[[ Information supplied, beginning ]]

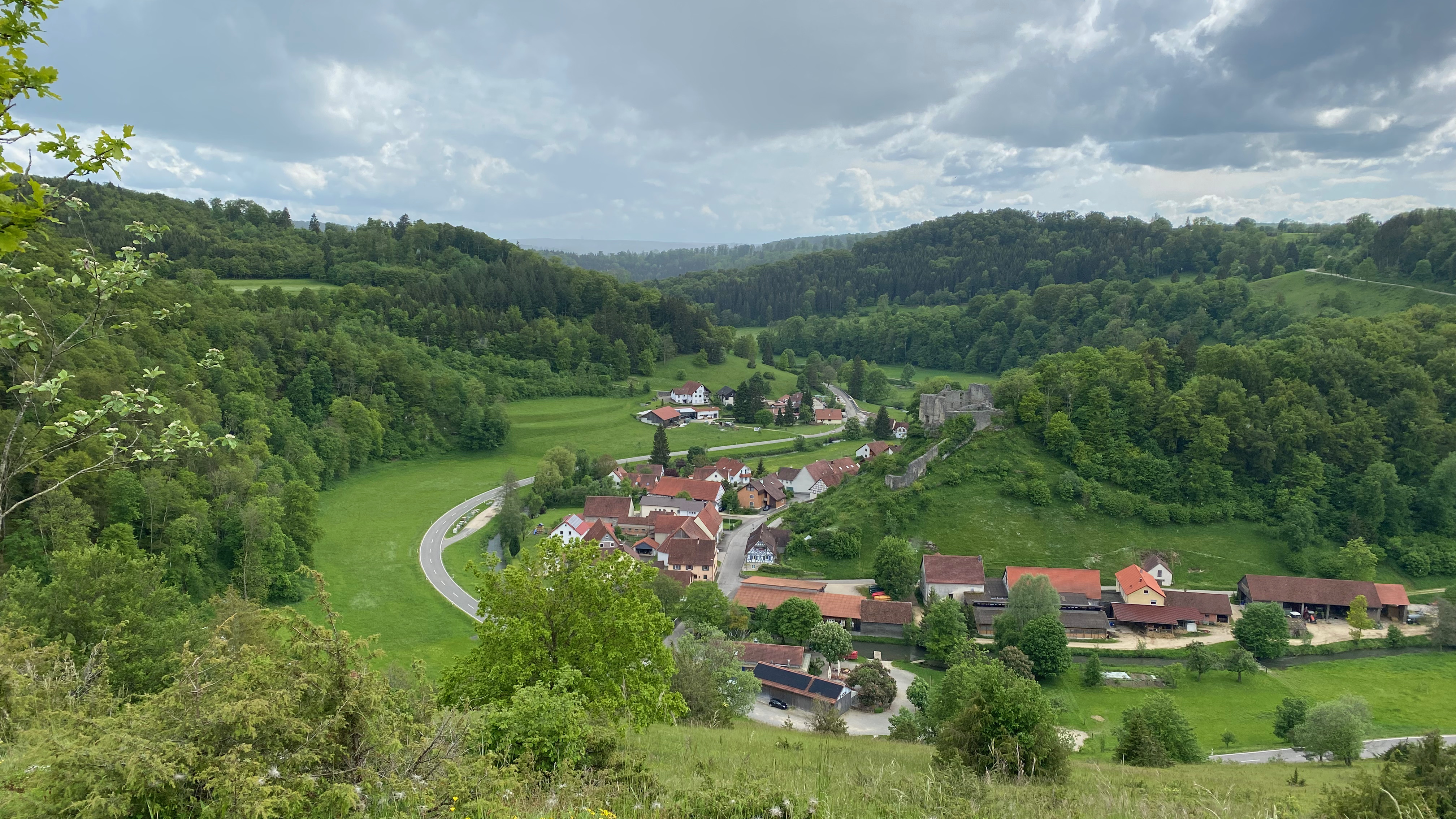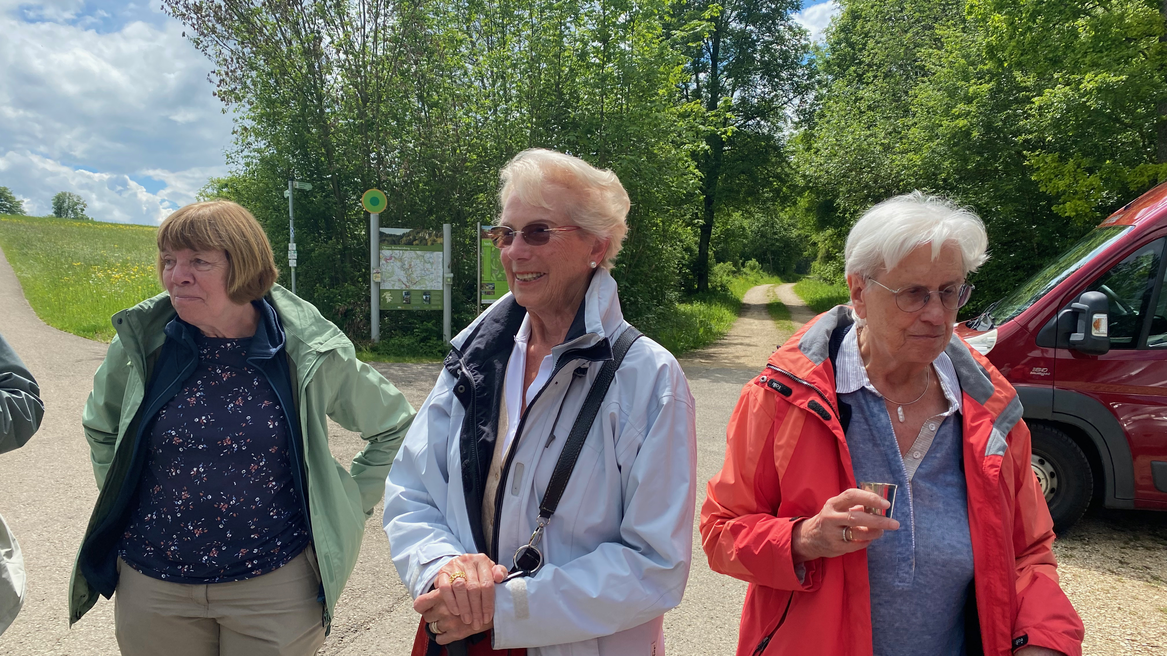 Am Wanderparkplatz Reichartsberg angekommen, erwartete uns ein weitere Überraschung: Gertrud Zimmermann kredenzte uns den traditionellen Wander-Umtrunk. Unser Weg zum Abstieg in das Lautertal führte uns über naturbelassene Wege vorbei an Wiesen, Wälder und Äckern. Ein Teil der Gruppe wagte den steilen Ab- und Wiederanstieg auf einem Pfad mit alpinem Charakter. Alles halb so wild, es sind alle wieder gut oben angekommen und haben den Ausblick auf die Burgruine Bichishausen genossen.
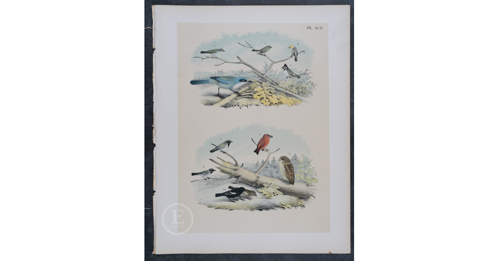 1878 American Red Crossbill, Jay, Titmouse, Warbler, Owl, Lark Bunting, - Original Chromolithograph
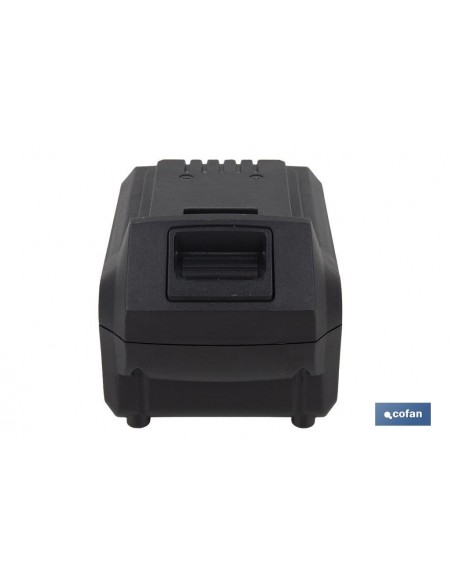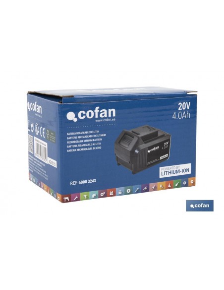 Batería recargable Li-ion de 20 V y 4.0 Ah diseñada exclusivamente para el sistema 1 For-All de herramientas Cofan. Esta batería está perfectamente adaptada para ser utilizada con todas las herramientas a batería de 20 V de Cofan, garantizando compatibilidad y eficiencia sin igual. Su tecnología avanzada de iones de litio ofrece una alta capacidad de carga y baja autodescarga, lo que significa que puedes trabajar más tiempo sin preocuparte por la pérdida de energía. Además, esta tecnología elimina el efecto de memoria, asegurando que la batería mantenga su máxima capacidad de carga tras cada uso. Equipada con sistema de protección que previene daños debido a sobrecargas, sobretensiones y cortocircuitos, extendiendo la vida útil del producto y asegurando un uso seguro en todo momento. Cuenta con un práctico indicador de nivel de carga que te permite monitorizar con precisión la energía restante para que nunca te quedes sin potencia inesperadamente.

[[ Information supplied, end ]]

The job here is to retype the data exactly, with no pictures included.

 Am Wanderparkplatz Reichartsberg angekommen, erwartete uns ein weitere Überraschung: Gertrud Zimmermann kredenzte uns den traditionellen Wander-Umtrunk. Unser Weg zum Abstieg in das Lautertal führte uns über naturbelassene Wege vorbei an Wiesen, Wälder und Äckern. Ein Teil der Gruppe wagte den steilen Ab- und Wiederanstieg auf einem Pfad mit alpinem Charakter. Alles halb so wild, es sind alle wieder gut oben angekommen und haben den Ausblick auf die Burgruine Bichishausen genossen.
 1878 American Red Crossbill, Jay, Titmouse, Warbler, Owl, Lark Bunting, - Original Chromolithograph
 Batería recargable Li-ion de 20 V y 4.0 Ah diseñada exclusivamente para el sistema 1 For-All de herramientas Cofan. Esta batería está perfectamente adaptada para ser utilizada con todas las herramientas a batería de 20 V de Cofan, garantizando compatibilidad y eficiencia sin igual. Su tecnología avanzada de iones de litio ofrece una alta capacidad de carga y baja autodescarga, lo que significa que puedes trabajar más tiempo sin preocuparte por la pérdida de energía. Además, esta tecnología elimina el efecto de memoria, asegurando que la batería mantenga su máxima capacidad de carga tras cada uso. Equipada con sistema de protección que previene daños debido a sobrecargas, sobretensiones y cortocircuitos, extendiendo la vida útil del producto y asegurando un uso seguro en todo momento. Cuenta con un práctico indicador de nivel de carga que te permite monitorizar con precisión la energía restante para que nunca te quedes sin potencia inesperadamente.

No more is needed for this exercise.